- ASSIGNED TASK -
Every line from the one with "Die EU-Kommission hat" to the final line of the records should be printed exactly as it is, with pictures left out.

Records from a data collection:
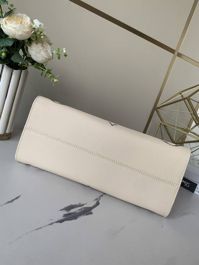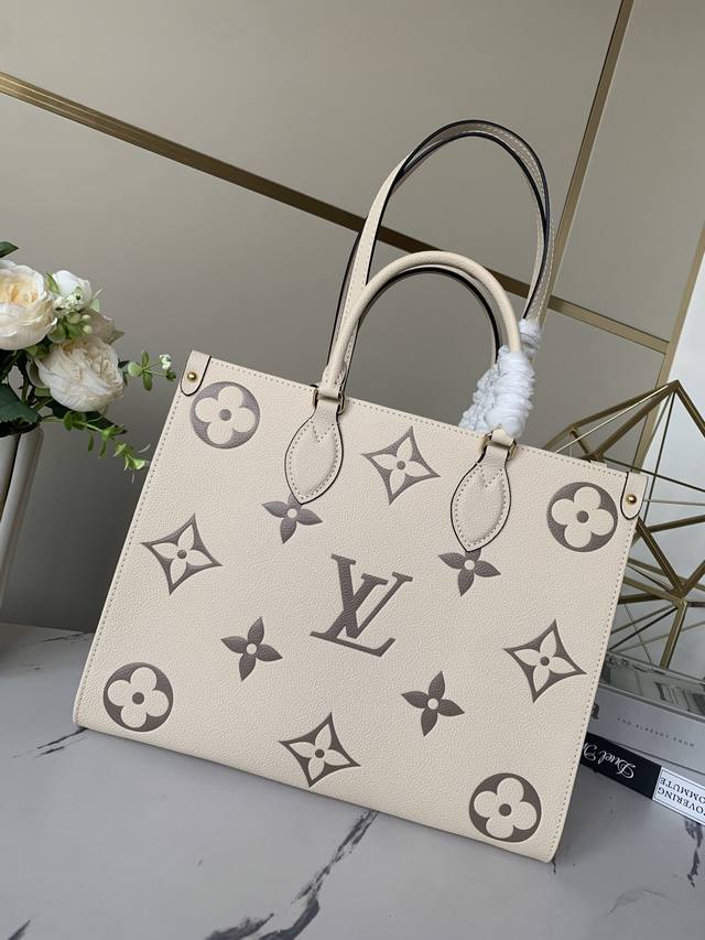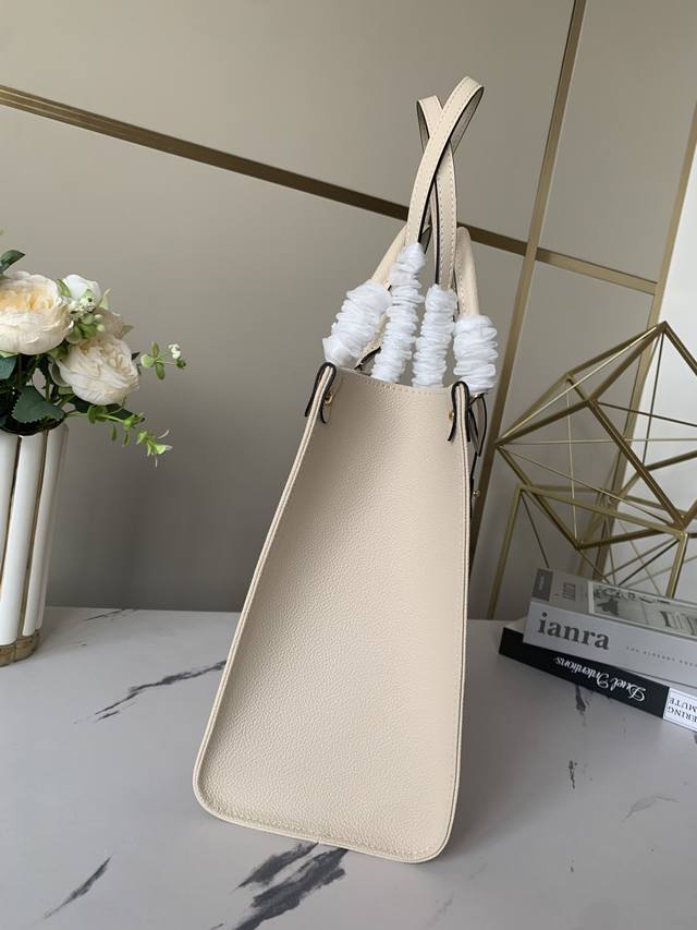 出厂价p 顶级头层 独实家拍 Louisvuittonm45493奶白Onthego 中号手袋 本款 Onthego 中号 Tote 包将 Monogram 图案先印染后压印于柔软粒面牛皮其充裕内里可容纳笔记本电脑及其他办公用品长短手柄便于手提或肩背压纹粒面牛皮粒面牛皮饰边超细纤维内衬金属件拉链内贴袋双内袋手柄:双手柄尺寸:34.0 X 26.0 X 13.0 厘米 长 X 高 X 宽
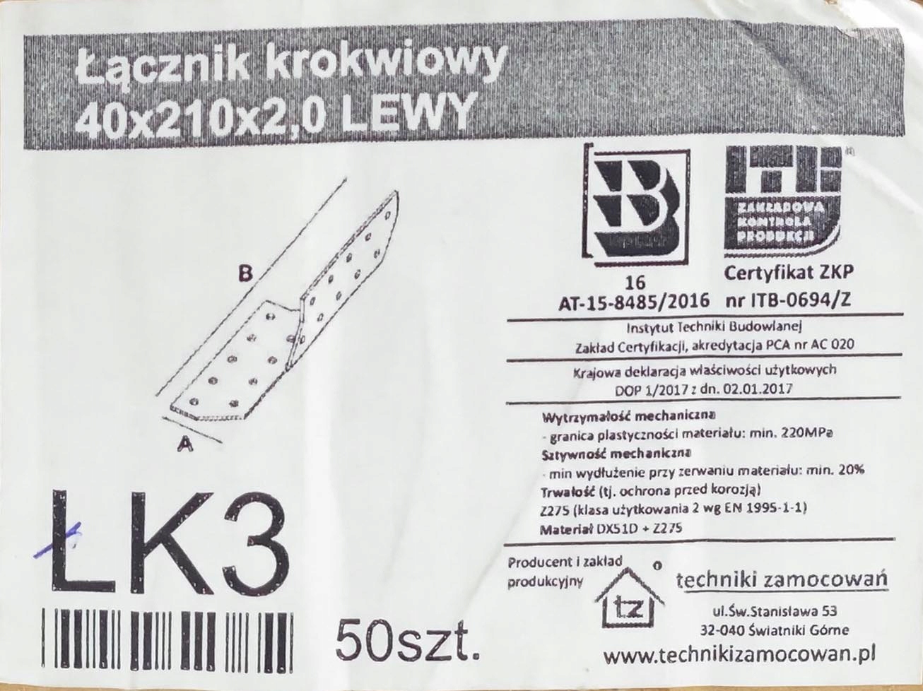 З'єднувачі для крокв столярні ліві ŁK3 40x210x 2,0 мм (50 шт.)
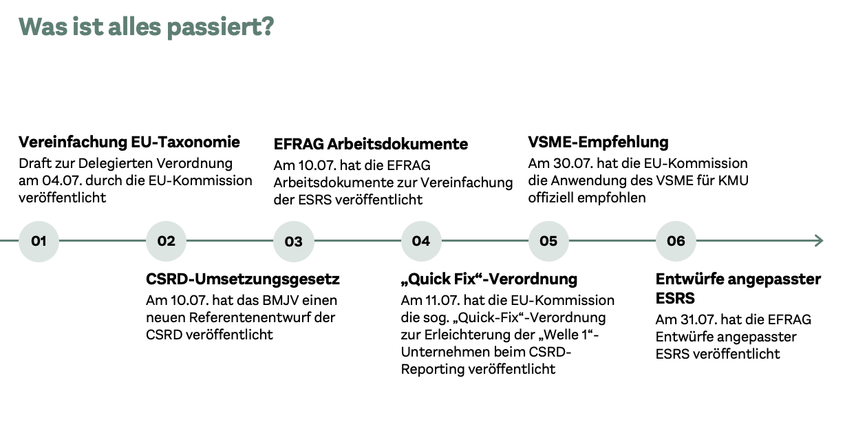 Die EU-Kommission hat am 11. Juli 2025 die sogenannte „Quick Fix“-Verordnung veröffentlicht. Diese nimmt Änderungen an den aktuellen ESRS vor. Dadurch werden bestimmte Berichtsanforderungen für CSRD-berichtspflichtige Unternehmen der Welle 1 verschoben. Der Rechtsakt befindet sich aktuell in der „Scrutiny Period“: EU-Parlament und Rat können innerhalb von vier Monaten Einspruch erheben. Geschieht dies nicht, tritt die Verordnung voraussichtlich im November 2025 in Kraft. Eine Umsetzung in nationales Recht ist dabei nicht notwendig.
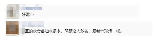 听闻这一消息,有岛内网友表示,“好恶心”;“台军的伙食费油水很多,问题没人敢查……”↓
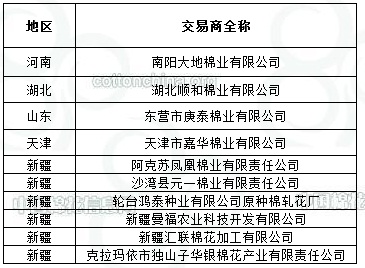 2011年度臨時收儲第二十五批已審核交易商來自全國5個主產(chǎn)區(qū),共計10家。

- YOUR SOLUTION -
 Die EU-Kommission hat am 11. Juli 2025 die sogenannte „Quick Fix“-Verordnung veröffentlicht. Diese nimmt Änderungen an den aktuellen ESRS vor. Dadurch werden bestimmte Berichtsanforderungen für CSRD-berichtspflichtige Unternehmen der Welle 1 verschoben. Der Rechtsakt befindet sich aktuell in der „Scrutiny Period“: EU-Parlament und Rat können innerhalb von vier Monaten Einspruch erheben. Geschieht dies nicht, tritt die Verordnung voraussichtlich im November 2025 in Kraft. Eine Umsetzung in nationales Recht ist dabei nicht notwendig.
 听闻这一消息,有岛内网友表示,“好恶心”;“台军的伙食费油水很多,问题没人敢查……”↓
 2011年度臨時收儲第二十五批已審核交易商來自全國5個主產(chǎn)區(qū),共計10家。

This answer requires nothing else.